Regarding Sodom, however, Abraham could not be silent. He was well aware of the evil in that city. He knew that Sodom and Gomorrah were based on pure wickedness in which the greatest punishment was reserved for the generous and kind. They citizens deserved no mercy because they never had shown mercy.
And yet, perhaps there were 50, maybe 40, maybe even 10 righteous? The question sounds absurd. Why would anybody with a conscience live in Sodom?
Abraham saw another possibility. Perhaps there were good people trapped in a wicked environment. The sages say Sodom did not allow visitors. Chances are the city’s leaders didn’t allow people to escape either. Call it an Iron Curtain, Berlin Wall, Great Wall of China or the barbed wire around North Korea.
G-d agreed with Abraham. He would examine Sodom and Gomorrah. Have they changed their ways? He would also investigate the screams of a young woman that filled the streets of the city.
“I will descend now and see, whether according to her cry, which has come to Me, they have done; [I will wreak] destruction [upon them]; and if not, I will know.” [Genesis. 18: 21]
The Talmud in Sanhedrin [109b] says the Torah refers to a girl in Sodom who saw a starving man. Violating every law, she gave him food. Soon, the secret police arrived, arrested the girl, brought her to a judge who pronounced a horrible sentence. She was tied to a stake on a rooftop, covered with honey, where the bees would feast on her flesh. Nobody came to her rescue.

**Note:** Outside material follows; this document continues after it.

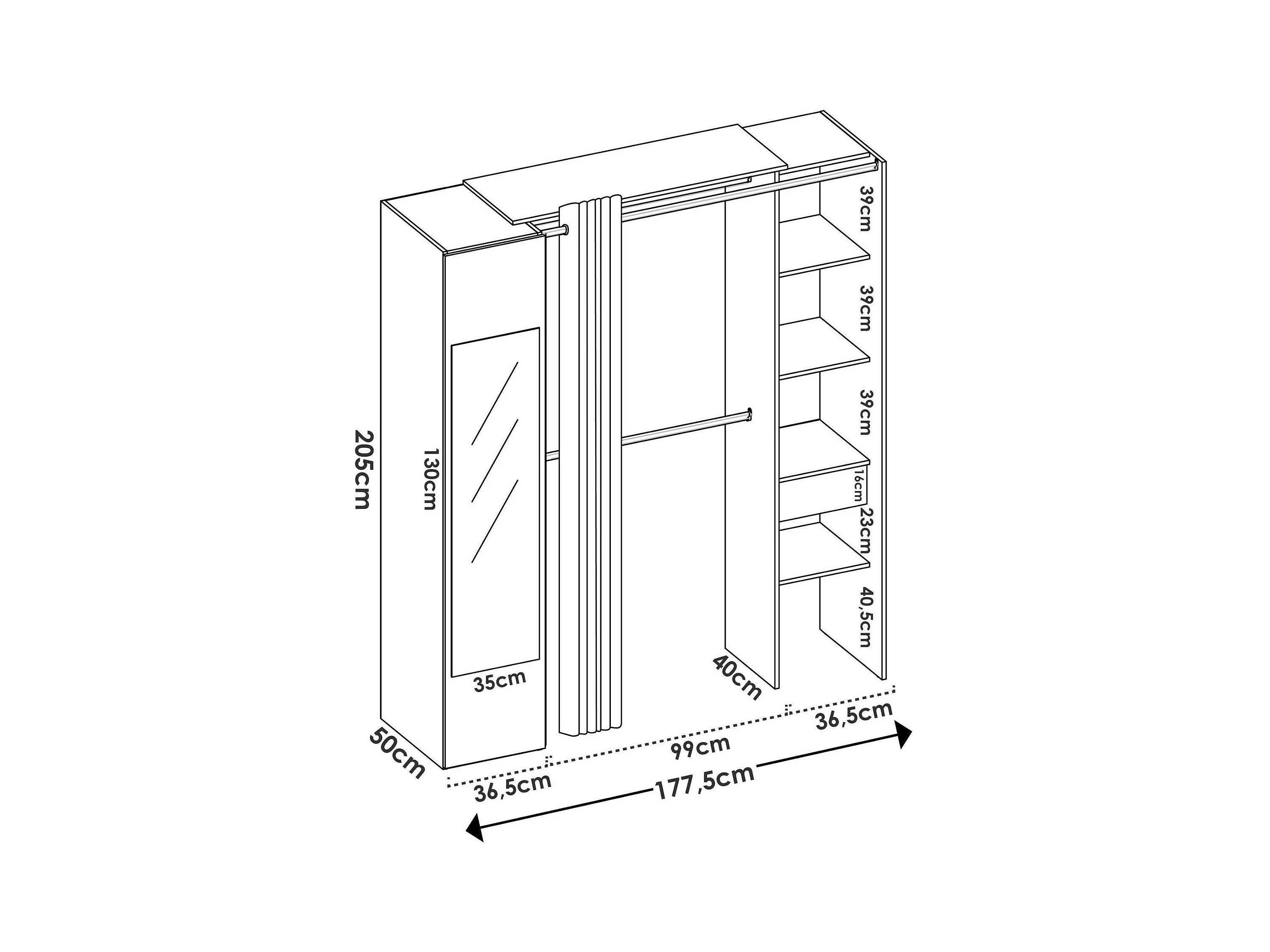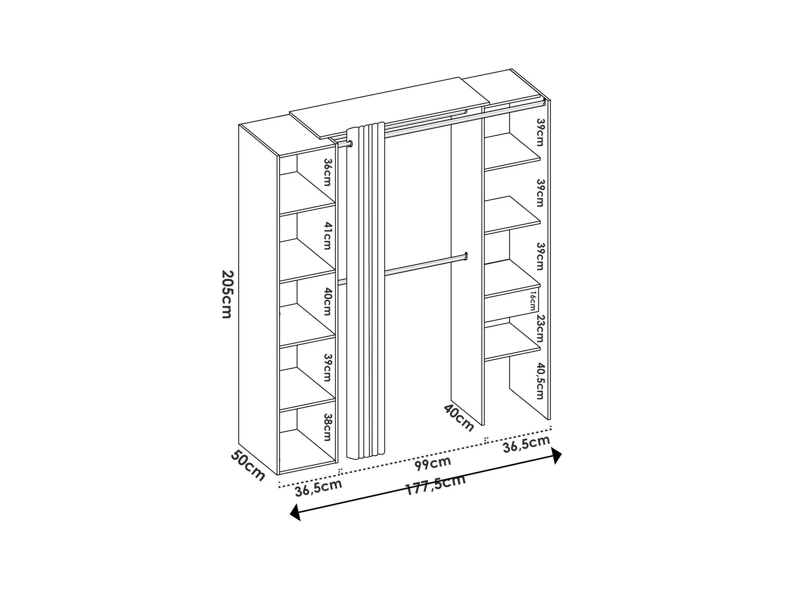 Armoire Dmancin, Structure pour dressing, Cintre ouvert, 177x52h205 cm, Blanc et Anthracite

Sodom marked the opposite of Abraham. In Sodom, charity and kindness were seen as treason, a challenge to an evil regime that sought to make the people into robots with no human feeling except fear. The young people were the worst, afforded no freedom except the opportunity to hurt the good. Perhaps that girl was the last of the righteous. Sodom and Gomorrah would be destroyed.
Later, Abraham’s behavior is different. When G-d tells him to bring Isaac for a “burnt offering,” Abraham does not flinch. He remains silent. The patriarch knows that Isaac and his home are completely good. Unlike his debate on Sodom, there is no need for clarification. Abraham recognizes G-d’s commandment as a test. And a large part of that test is the element of ambiguity.
This is how Shlomo Ben Yitzhaki, or Rashi, sees it. G-d was purposely vague with Abraham from the beginning, when He told the first Jewish man to leave his home “to the land that I will show you.”
“The Holy One, blessed be he, makes the righteous wonder, and only later reveals [His intention] to them,” Rashi, quoting the Midrash, says. “This is meant to increase their reward.”
G-d’s test ends as soon as Abraham places Isaac on the altar and draws his knife. At that point, the angel tells Abraham to stop. He is not to hurt his son, or even nick him. The patriarch is not happy: “So, all that I have done has been in vain.”
No, the angel replies. This test will serve as a guarantee for the survival of that nation that will emerge from you. G-d will apply the same standard of love and charity that you employed with Sodom. Abraham’s charity would set a model for eternity.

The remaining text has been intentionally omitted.